The presentation of the Superhot doubles down on all this. The polished white environments and statuesque glass enemies are crisp to the point of feeling sterile, not unlike an overproduced E3 demo video. At the start of each level, words flash up like title cards on a teaser trailer – level names and clues to what’s ahead, but all taking the form of the sorts of meaningless buzzwords and performative military lingo that pepper every press release. “Unfinished business”. “Watch your six”. “Tough day.” The very title of the game might be the epitome of buzzwordiness – what does “super hot” mean, other than “really damn good”? “This game is super hot, man.”
Superhot VR, on the other hand, is missing something. It’s a reimagining of Superhot for VR platforms – not quite a port, not quite a sequel, but something in between. It broadly follows the same structure as the original release, but with mechanical changes to accommodate VR and a mix of old and new areas in which to play out your bullet-time shenanigans. The story largely follows the same trajectory, and canvasses the same themes, but it’s a truncated version. In some ways, it builds upon what Superhot did, but in a way that only really works if you’ve played that game. If you’re coming into Superhot VR without that groundwork, it doesn’t make a lot of sense and much of that powerful subtext is lost.

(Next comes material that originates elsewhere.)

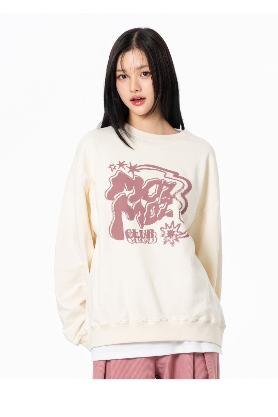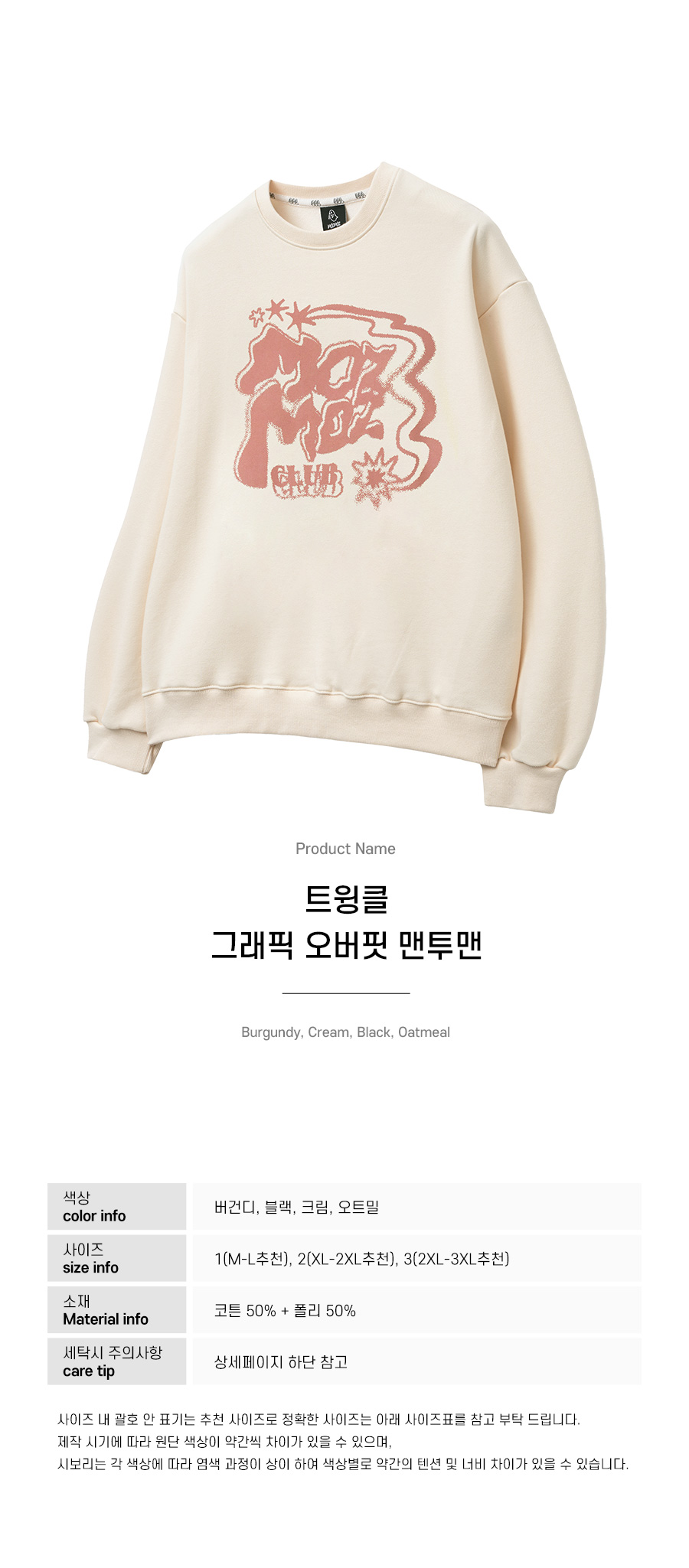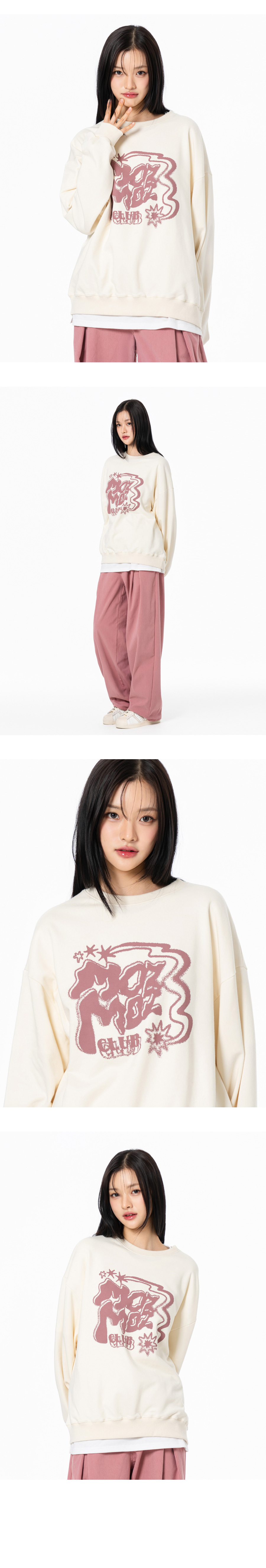 트윙클 그래픽 오버핏 맨투맨 크림
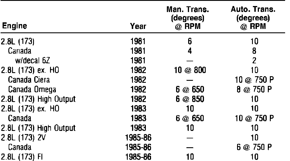 Ignition Timing: Specifications

Superhot VR has the same metanarrative in place: you’re a character in the in-game “real” world, playing the “most innovative shooter you’ve played in years” by way of a series of floppy disks (remember those?) given to you by a friend. As you play through, things become twisted, and the game starts asking you to do things like jump off buildings and shoot yourself in the head.

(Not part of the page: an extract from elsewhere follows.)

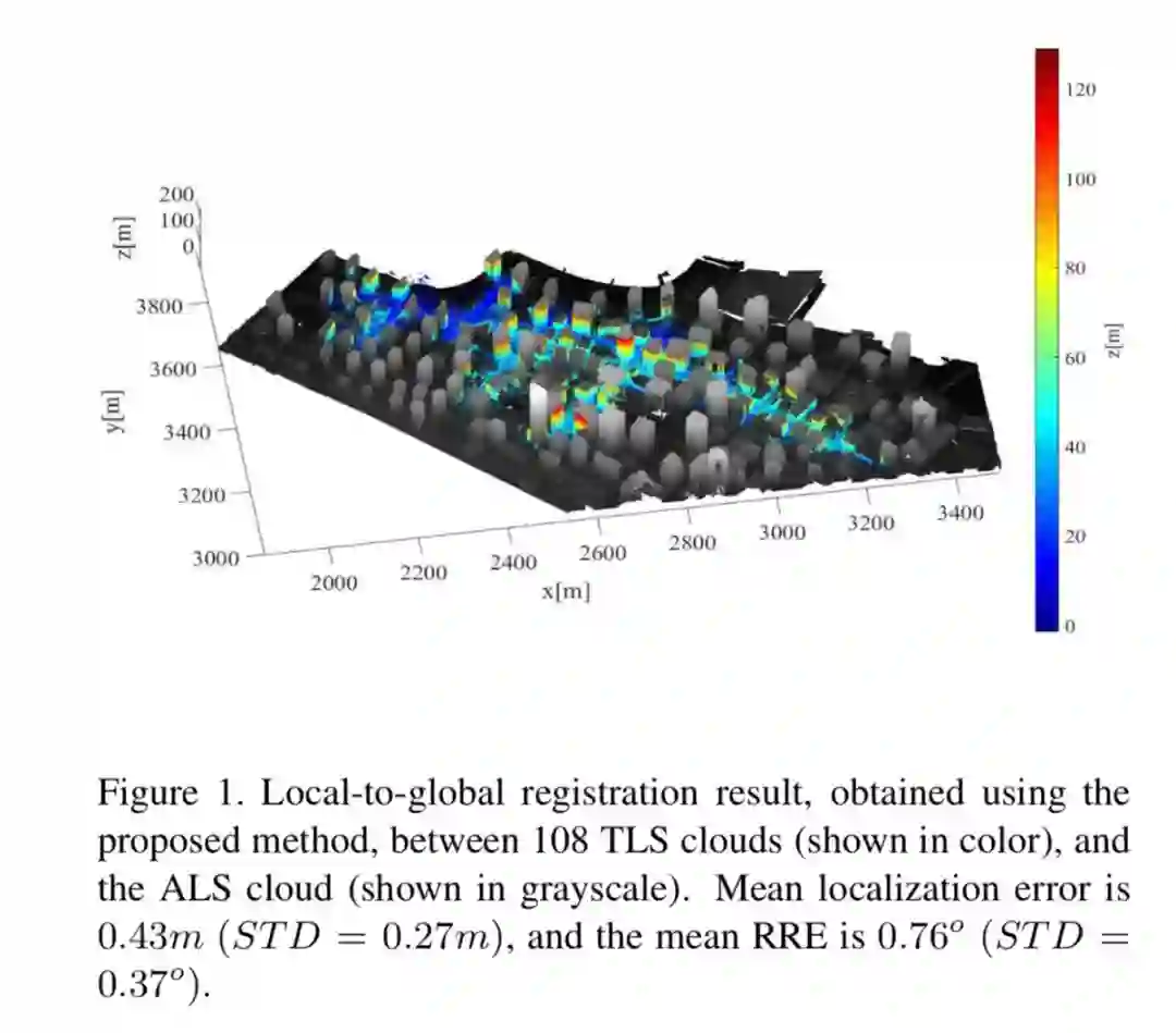 由于局部点云与全局点云的数据之间存在实质性差异,且用于获取它们的技术不同,因此局部到全局的点云配准是一项具有挑战性的任务。全局点云覆盖大尺度环境并且通常需要从空中俯视获得,例如使用机载激光扫描(ALS)对城市进行3D建模。作为对比,局部点云则通常从地面获得,并且范围相对更小,例如使用地表激光扫描。他们之间的差异通常表现在点密度分布,遮挡和噪声测量中。由于存在这些差异,现有的点云配准方法如基于关键点的配准往往会失败。

The same core message is there – “obsessive hype is self-destructive” – but Superhot VR lacks the chat-based narrative interludes that drive that message home. In their place are scenes where you have to put new floppy disks in, doing bizarre things like pulling them out of the computer screen or inserting them directly into your head. For reasons I can’t fathom, Superhot VR also drops the “most innovative shooter I’ve played in years” moment out of the ending, and that’s really the thing that ties the whole narrative together.
The frustrating thing is that VR is a perfect platform for the sort of story that Superhot tells, and some key moments work better in VR than they ever did before. Both games involving figuratively killing yourself to become one with superhot.exe, but in Superhot VR this involves physically stepping off a roof or holding a gun to your head and pulling the trigger. Those are powerful, dramatic moments, and with the right context they push Superhot’s core themes better than any other tool in the game’s kit.
Virtual reality also brings a level of immersion that the original Superhot could never manage, helping you to get lost in the game, and the game within that game. Shooting involves aiming motion controllers and pulling triggers, while you duck and weave to dodge bullets. I’ve never played a more active VR game, to the point that my legs hurt for days afterwards (you’re basically doing squats repeatedly for the entirety of your play session). Every shot, every thrown bottle or shuriken, every dodged bullet feels like you’re the one doing it – and for a game that’s all about losing your mind in a virtual world, that makes a big difference.
I just wish that the original story was kept intact for Superhot VR. What’s here works, but only on the condition that you’ve played Superhot and know what it’s all about. Without that, it’s vague to a fault, and I suspect many will write it off completely. For most people, that’ll be fine – after all, Superhot VR is a whole lot of fun to play, leg pain notwithstanding – but I wish it had the same depth to go with that fun, like its predecessor did.